▶ [ABOUT THIS EXERCISE]
Emit a verbatim copy of the lines below from the line with "备注:车型承载力有限,携带行李为24寸或以下行李箱。" through the line with "- Tommy Jeans", excluding pictures and everything outside that range.
== DATA SUPPLIED ==
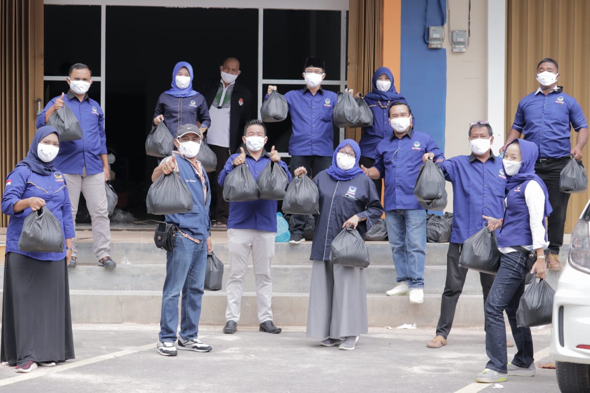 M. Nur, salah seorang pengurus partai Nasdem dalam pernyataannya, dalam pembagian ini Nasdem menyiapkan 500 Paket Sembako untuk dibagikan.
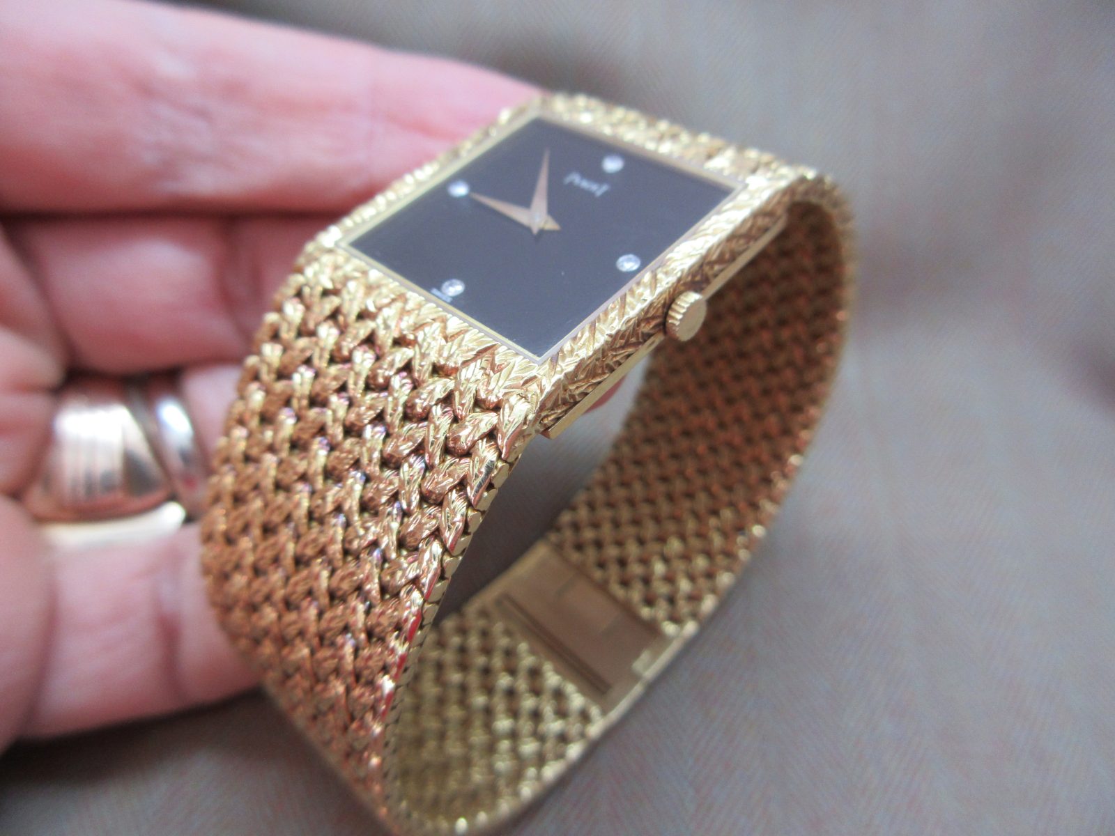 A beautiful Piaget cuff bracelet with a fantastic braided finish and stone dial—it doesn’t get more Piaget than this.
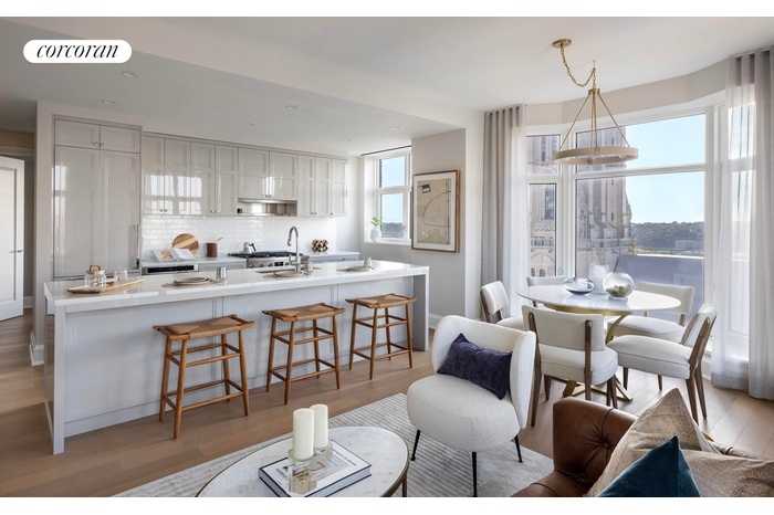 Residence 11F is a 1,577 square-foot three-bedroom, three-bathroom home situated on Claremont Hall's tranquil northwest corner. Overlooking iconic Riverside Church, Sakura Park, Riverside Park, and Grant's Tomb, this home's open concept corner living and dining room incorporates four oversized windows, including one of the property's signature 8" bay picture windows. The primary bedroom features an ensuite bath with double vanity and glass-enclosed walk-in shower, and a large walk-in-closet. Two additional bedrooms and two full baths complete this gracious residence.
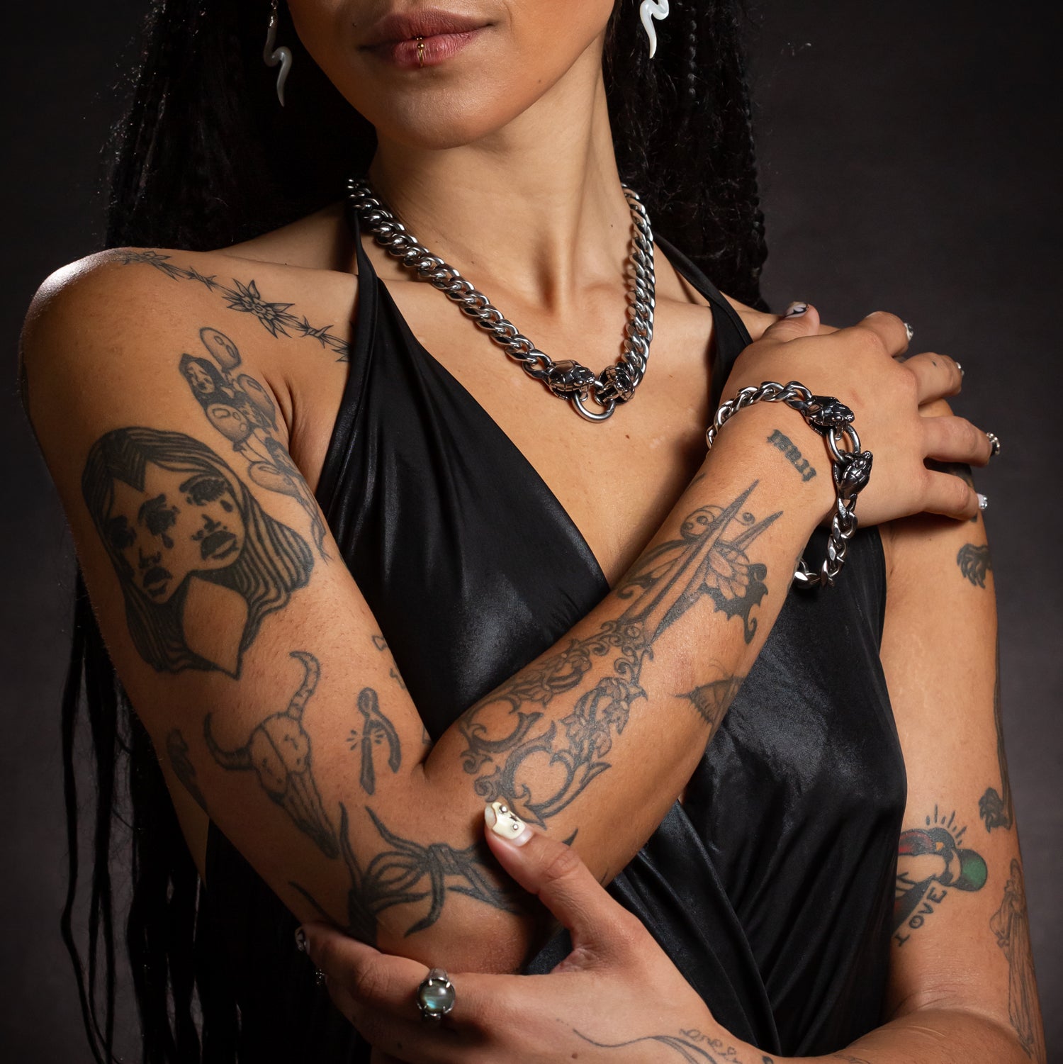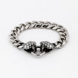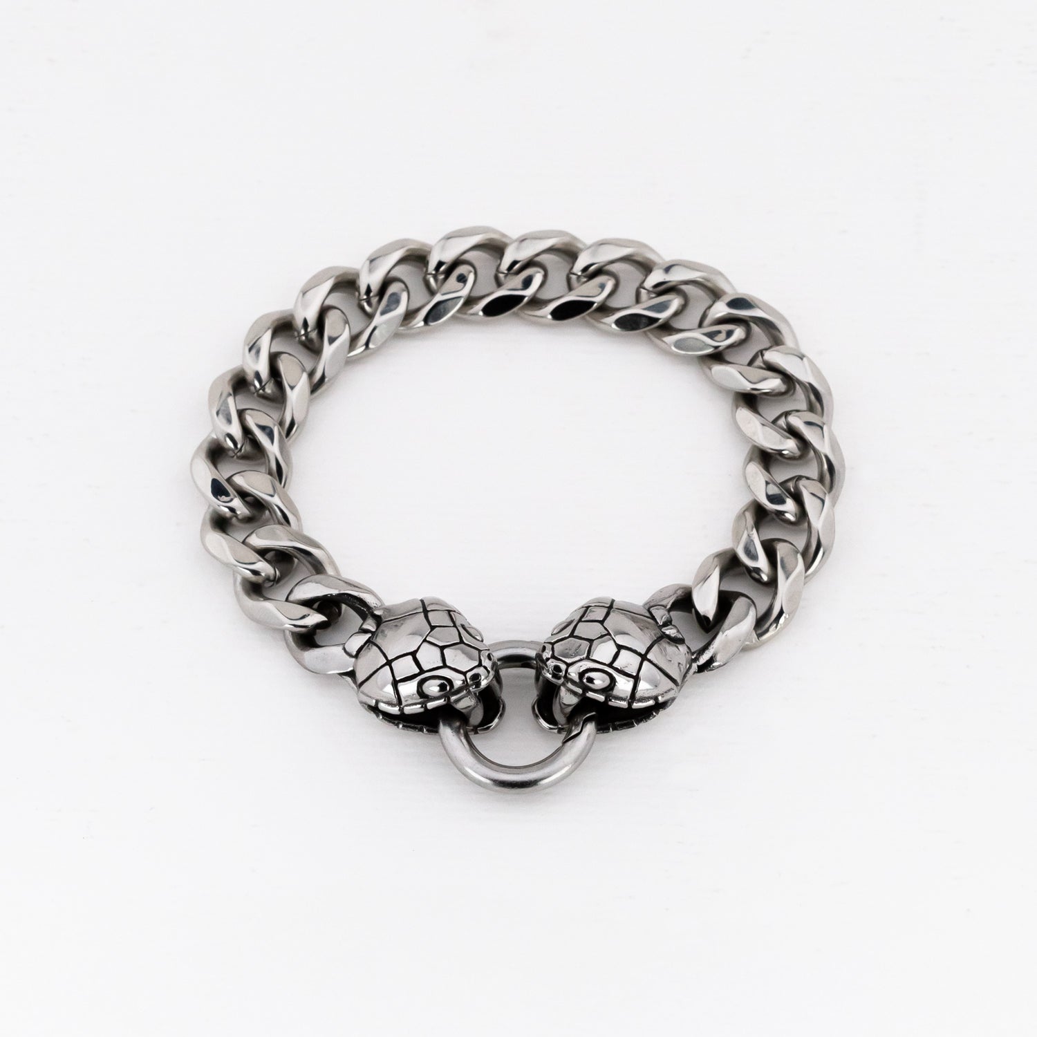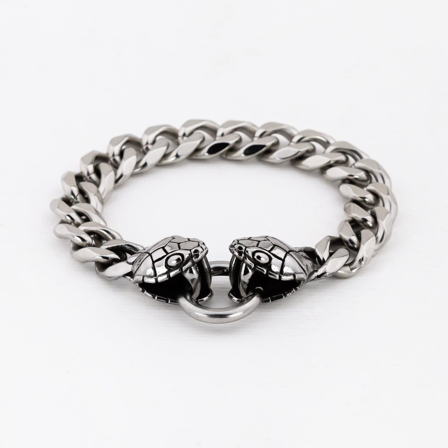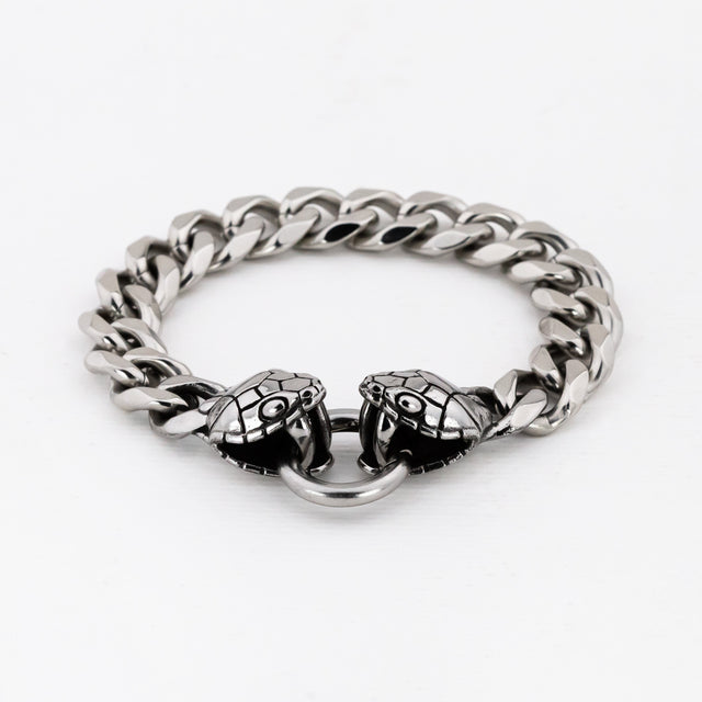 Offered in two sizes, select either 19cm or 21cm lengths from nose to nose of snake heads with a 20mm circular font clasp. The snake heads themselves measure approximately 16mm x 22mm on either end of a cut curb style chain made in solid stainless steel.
===
== DATA SUPPLIED ==
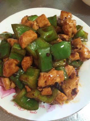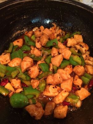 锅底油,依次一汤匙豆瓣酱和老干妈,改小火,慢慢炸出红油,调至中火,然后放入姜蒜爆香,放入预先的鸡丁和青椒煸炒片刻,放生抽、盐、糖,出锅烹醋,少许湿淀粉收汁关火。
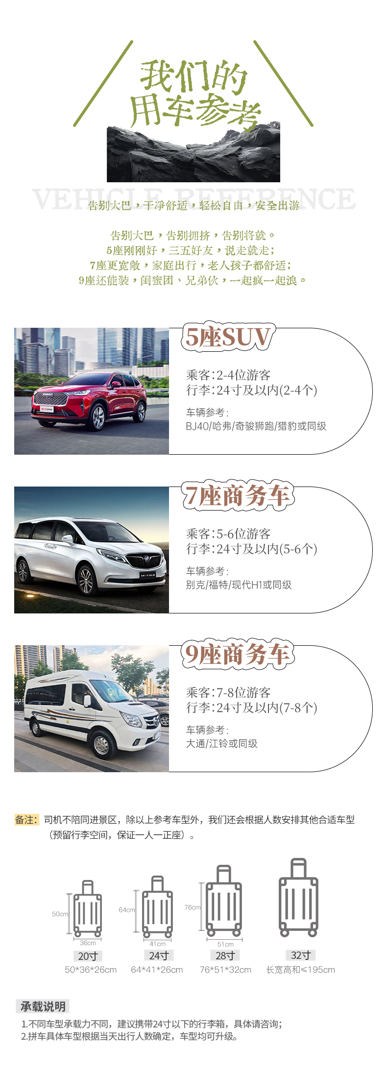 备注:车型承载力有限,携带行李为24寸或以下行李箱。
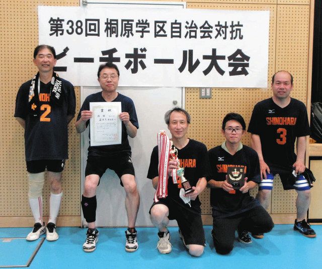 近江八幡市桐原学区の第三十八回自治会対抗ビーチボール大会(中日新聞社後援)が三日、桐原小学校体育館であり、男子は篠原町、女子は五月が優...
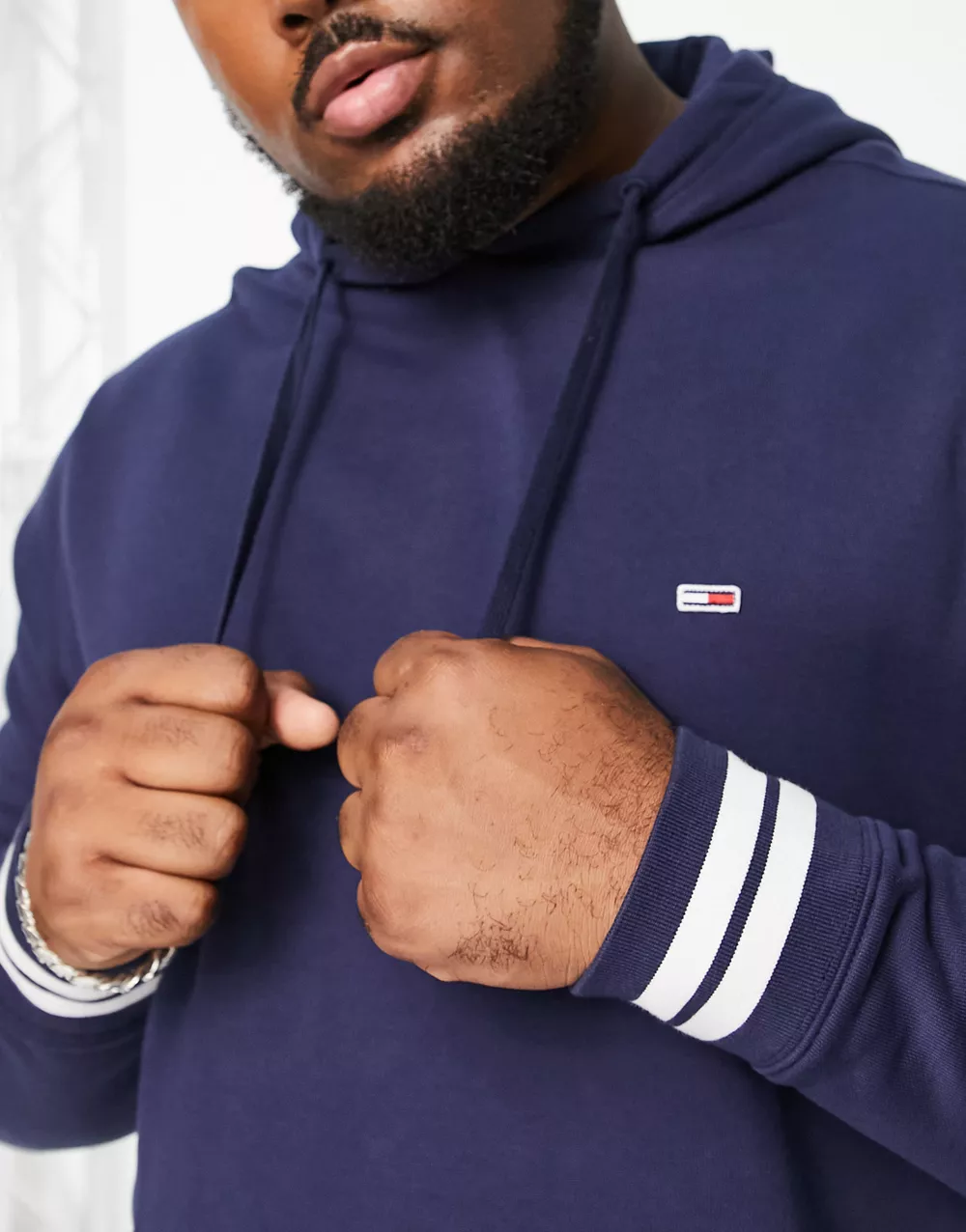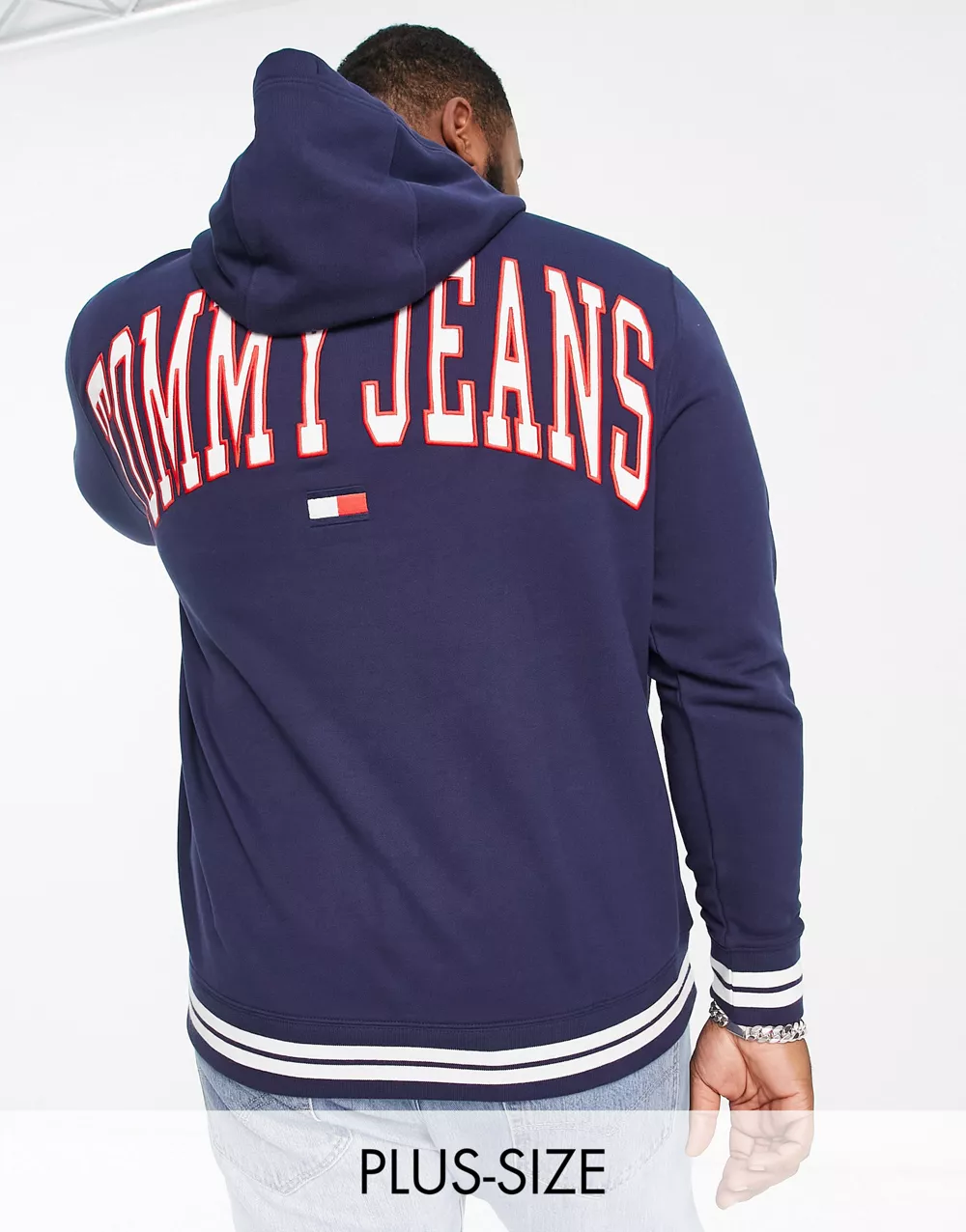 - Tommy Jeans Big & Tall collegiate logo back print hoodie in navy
===
▶ [OUTPUT OF THE TASK]
 备注:车型承载力有限,携带行李为24寸或以下行李箱。
 近江八幡市桐原学区の第三十八回自治会対抗ビーチボール大会(中日新聞社後援)が三日、桐原小学校体育館であり、男子は篠原町、女子は五月が優...
 - Tommy Jeans Big & Tall collegiate logo back print hoodie in navy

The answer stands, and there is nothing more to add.